Performance after auto-tune not so good

I tried auto-tvm to speed up mobilenet v1 on NVIDIA Tesla V100. It seems that tvm has a pre-defined configuration for mobilenet on v100.

when I build without auto tune, I got 700+ fps on inference. when I auto tuned for 3 days, the result is not as good, only 520 fps. How can I get my model as fast as the pre-defined configuration?

And I also noticed that, I nearly got the same speedup with n_trial = 4, n_trial = 2000 and n_trial= 4000, seems the longer-time search didn’t give rise to higher speedup? It’s confusing.

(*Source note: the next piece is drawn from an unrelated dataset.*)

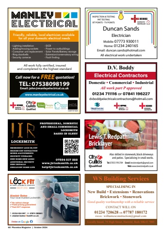 60 Phonebox Magazine | October 2024D.V. BoddyElectrical ContractorsDomestic %u2022 Commercial %u2022 IndustrialAll work part P approved01234 711116 or 07841 196227dvboddyelectricalcontractors@hotmail.comDuncan SandsElectricianMobile: 07773 930011Home: 01234 240165Email: duncan.sands@hotmail.comAll electrical work undertakenINSPECTION & TESTINGPAT TESTINGBT POINTS - TV POINTS Friendly, reliable, local electrician available for all your domestic electrical needs- Lighting installation - Adding/moving sockets - Consumer unit replacement- Ring doorbells- Security cameras- EICR- Power to outbuildings- Solar Panels/Battery storage- Extension/conservatory wiring- Fault findingAll work fully certified, insuredand completed to the highest standard Call now for a quotation!www.manleyelectrical.co.ukTEL: 07538098199Email: john@manleyelectrical.co.ukFREEWS Building ServicesSPECIALISING INNew Build %u2022 Extensions %u2022 RenovationsBrickwork %u2022 StoneworkGood quality workmanship with a reliable serviceCONTACT WILL ON01234 720628 OR 07787 180172email: williamcsconstruction@gmail.comLocally based, 74 High Street, Harrold, Beds MK43 7BHLewis T. RedpathBricklayerAlso skilled in stonework, block driveways and patios. Specialising in small works.Tel 07833 991784 Email lewistredpath@gmail.comQualified Web www.lewistredpath.co.uk24 HOUR LOCKSMITH SERVICESBEDFORDAlastair BatesYour local trusted LocksmithT: 01234 924 997 | M: 07874 285661E: alastair.bates@lockfit.co.ukNo callout chargeFixed pricing guaranteedFast 24/7 responsePROFESSIONAL, DOMESTIC AND SMALL COMMERCIAL LOCKSMITHBASED IN OLNEY07354 017 222www.jirlocksmith.co.ukhelp@jirlocksmith.co.ukEMERGENCY LOCK IN/OUTBROKEN KEY EXTRACTIONMINOR ADJUSTMENTSSECURITY UPGRADESNEW HOME NEW LOCKSADDITIONAL SECURITYNEW INSTALLSSINGLE KEY HOME LIFE

here are my codes, any advice?

tuning_opt = {
    'log_filename': log_file,
    'tuner': 'xgb',
    'n_trial': 4000,
    'early_stopping': 1200,

    'measure_option': autotvm.measure_option(
        builder=autotvm.LocalBuilder(timeout=10),
        runner=autotvm.RPCRunner(
            'V100',
            '0.0.0.0', 9190,
            number=20, repeat=3, timeout=4, min_repeat_ms=150)
    ),
}
tasks = autotvm.task.extract_from_program(sym['main'], target=target,
                                          params=params, ops=(relay.op.nn.conv2d,))
print("Tuning...")
tune_tasks(tasks, **tuning_opt)

print("Applying Schedule Params From Log File", log_file)
# compile kernels with history best records
with autotvm.apply_history_best(log_file):
    # if True:
    print("Compile...")
    with relay.build_config(opt_level=3):
        graph, lib, params = relay.build(sym, target=target, target_host=target_host, params=params)
    save_tvm_module(graph, lib, params)